Judge of the High Court
- Incumbent
- Assumed office 1 October 2017
- Appointed by: Jacob Zuma
- Division: Eastern Cape

Personal details
- Born: Bantubonke Regent Tokota 9 September 1952 (age 73) Cofimvaba, Cape Province Union of South Africa
- Alma mater: University of Fort Hare Vista University

= Bantubonke Tokota =

South African judge

Bantubonke Regent Tokota (born 9 September 1952) is a South African judge of the High Court of South Africa. He was appointed to the Eastern Cape Division in October 2017 after 20 years as a practising advocate in Pretoria. He was Senior Counsel from 2006 onwards and also served on the Marikana Commission of Inquiry between 2012 and 2014.

Tokota was born in the Eastern Cape. Before joining the bar, he was a magistrate and civil servant in the bantustans of Ciskei and Transkei; he was also briefly the Ciskei's Minister of State Affairs in 1992.

== Early life and education ==
Tokota was born on 9 September 1952 in Cofimvaba in the former Cape Province. After matriculating from Osborn High School, he worked briefly as an administrative clerk in Tsolo in 1974 before enrolling at the University of Fort Hare in 1975. His education was interrupted in 1978, when he served as an acting assistant magistrate in various Eastern Cape courts (Cofimvaba, Tsolo, and Mthatha), but he returned to the University of Fort Hare in 1979, graduating the following year with a BJuris. He later completed an LLB at Vista University in 1995.

== Civil service and magistracy ==
After graduating, Tokoto was appointed permanently as a magistrate in the bantustan of Ciskei, where he worked until 1985. Thereafter he became inspector of magistrates in the Transkei bantustan from 1985 to 1989 before returning to the Ciskei as a magistrate in Mdantsane from 1989 to 1990. Thereafter, Tokoto served a brief period in the Ciskei government of Oupa Gqozo: he was director-general in Gqozo's office from 1991 to 1992 and then served as Gqozo's Minister of State Affairs from April 1992 to July 1992.
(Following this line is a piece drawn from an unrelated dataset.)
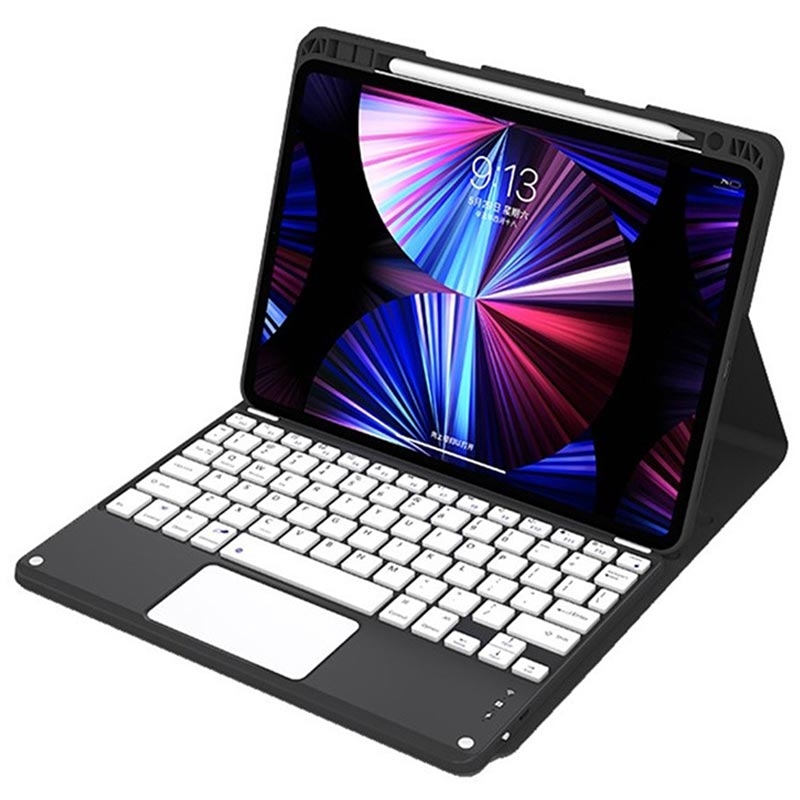 iPad Air 13 2026/2025/2024, iPad Pro 12.9 2022/2021/2020/2018 Bluetooth-tastaturetui med baggrundsbelysning, touchpad og stativ - US-tastaturlayout

After resigning from the cabinet position, he served briefly as a magistrate in East London before taking up work as a lecturer at the government's Justice College in Pretoria from 1993 to 1996. He also served as a part-time lecturer at Vista University in 1995 and at the Northern Transvaal Technikon from 1996 to 1998. He remained active in the magistracy, serving as a member of the Magistrates' Commission between 1998 and 2004.

== Legal practice at the bar ==
In July 1997, Tokoto was admitted to the Pretoria Bar as an advocate of the High Court of South Africa. He practised at the bar for the next 20 years, taking silk in 2006. His private clients included civil servant Linda Mti, whom he represented in a drunk-driving matter; High Court judge Nkola Motata, in another drunk-driving matter; and justices Chris Jafta and Bess Nkabinde, whom, with his friend Selby Mbenenge, he represented in Judicial Service Commission and court hearings after judge John Hlophe was accused of having attempted improperly to influence justices Jafta and Nkabinde.

More prominently, on several occasions, Tokota was instructed by the State Attorney to represent government departments in litigation, including in several matters which were reported or heard in the Constitutional Court of South Africa. Among others, he represented the Minister of Correctional Services in a suit brought by Clive Derby-Lewis; the Premier of Limpopo in Premier: Limpopo Province v Speaker: Limpopo Provincial Legislature, in which the Premier overturned an act of the Limpopo Provincial Legislature; the Mpumalanga Department of Education in a language policy suit brought by Hoërskool Ermelo; and the SABC in a labour dispute with four of its journalists.

In August 2012, President Jacob Zuma announced Tokota's appointment to the Marikana Commission of Inquiry tasked with investigating the Marikana massacre; the three-member panel also included retired judge Ian Farlam, who was chairperson, and Advocate Pingla Hemraj. The commission ran for over two years, but, according to Judges Matter, Tokota "probably spoke about three times during the hearings. Tokota was to the Marikana Commission what Justice Clarence Thomas is to the United States Supreme Court: as silent as a night in the deep Karoo."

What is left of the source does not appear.